The standard heat of combustion of liquid benzene (giving water
vapor) is 40.145 kJ/g at 25°C. the heats of formation of carbon
dioxide and water vapor are 393.509 and 241.818 kJ/mol,
respectively, at 25°C and one bar pressure.
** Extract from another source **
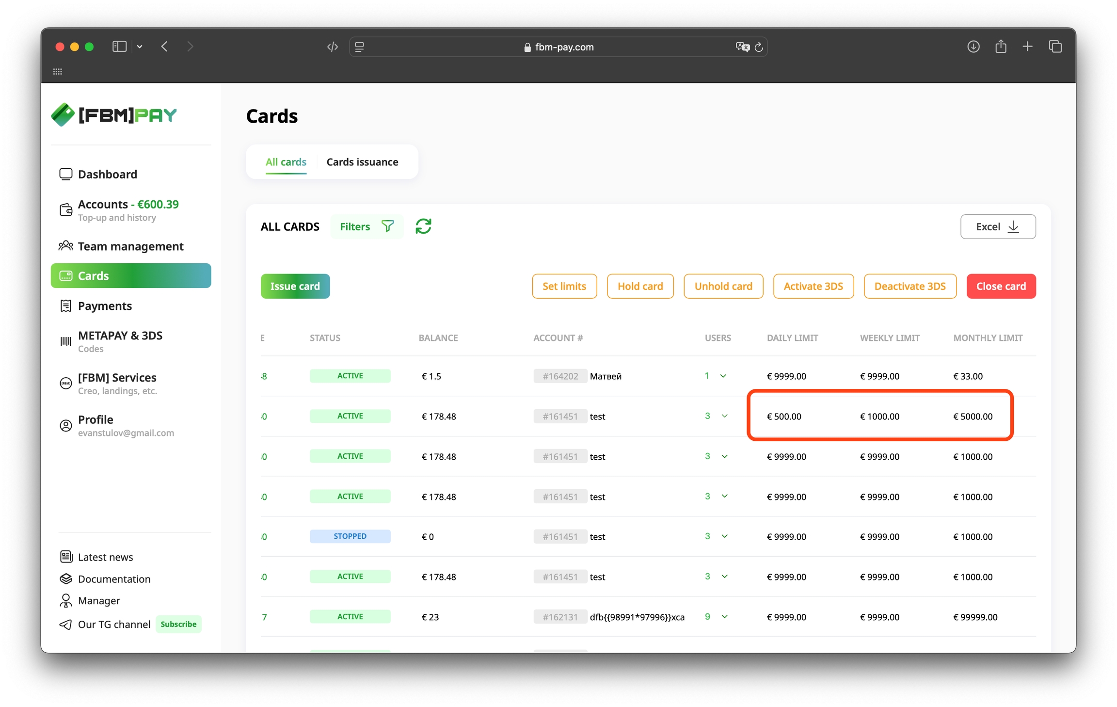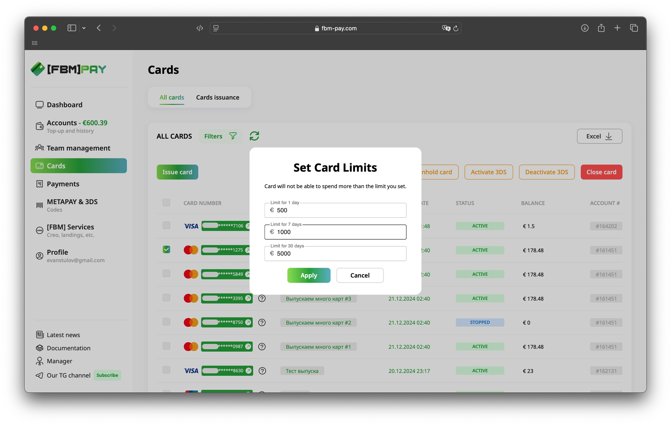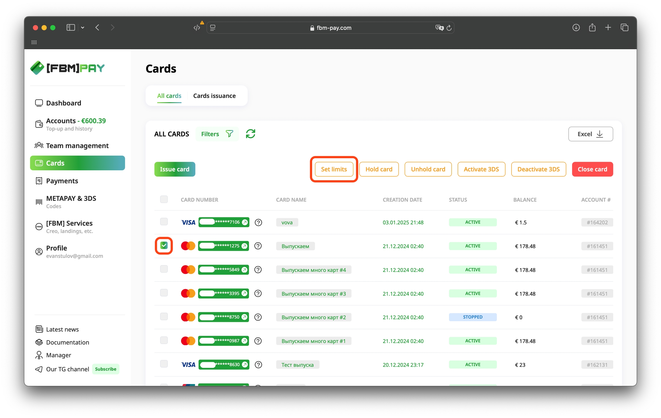 Go to the section Cards, select the appropriate card and click on the "Set limits" button at the top of the work area.

Calculate the enthalpy
change for the formation of benzene (C6H6) from the elements at
25°C and one bar.
To calculate the enthalpy change for the formation of benzene (C6H6) from the elements at 25°C and one bar, we need to consider the balanced chemical equation for the formation of benzene:
C6H6 (liquid) + 15/2 O2 (g) -> 6 CO2 (g) + 3 H2O (g)
From the balanced equation, we can see that the formation of benzene involves the combustion of 15/2 moles of O2.
Given:
- The standard heat of combustion of liquid benzene is 40.145 kJ/g.
- The heats of formation of carbon dioxide and water vapor are 393.509 and 241.818 kJ/mol, respectively.
To calculate the enthalpy change for the formation of benzene, we need to calculate the heat of formation of benzene (ΔHf). We can use the following equation:
ΔHf = (ΔHc * MWbenzene) - [(nCO2 * ΔHfCO2) + (nH2O * ΔHfH2O)]
Where:
- ΔHf = heat of formation of benzene
- ΔHc = standard heat of combustion of liquid benzene (40.145 kJ/g)
- MWbenzene = molecular weight of benzene (C6H6) = (6 * MC) + (6 * MH)
MC = atomic weight of carbon = 12.01 g/mol
MH = atomic weight of hydrogen = 1.008 g/mol
- nCO2 = moles of CO2 produced (6 moles)
- ΔHfCO2 = heat of formation of carbon dioxide (393.509 kJ/mol)
- nH2O = moles of H2O produced (3 moles)
- ΔHfH2O = heat of formation of water vapor (241.818 kJ/mol)
Substituting the values into the equation:
MWbenzene = (6 * 12.01) + (6 * 1.008) = 78.114 g/mol
ΔHf = (40.145 kJ/g * 78.114 g/mol) - [(6 moles * 393.509 kJ/mol) + (3 moles * 241.818 kJ/mol)]
Calculating:
ΔHf = 3126.96807 kJ - [(6 * 393.509 kJ) + (3 * 241.818 kJ)]
= 3126.96807 kJ - [2361.054 kJ + 725.454 kJ]
= 3126.96807 kJ - 3086.508 kJ
= 40.46 kJ
Therefore, the enthalpy change for the formation of benzene from the elements at 25°C and one bar is approximately 40.46 kJ.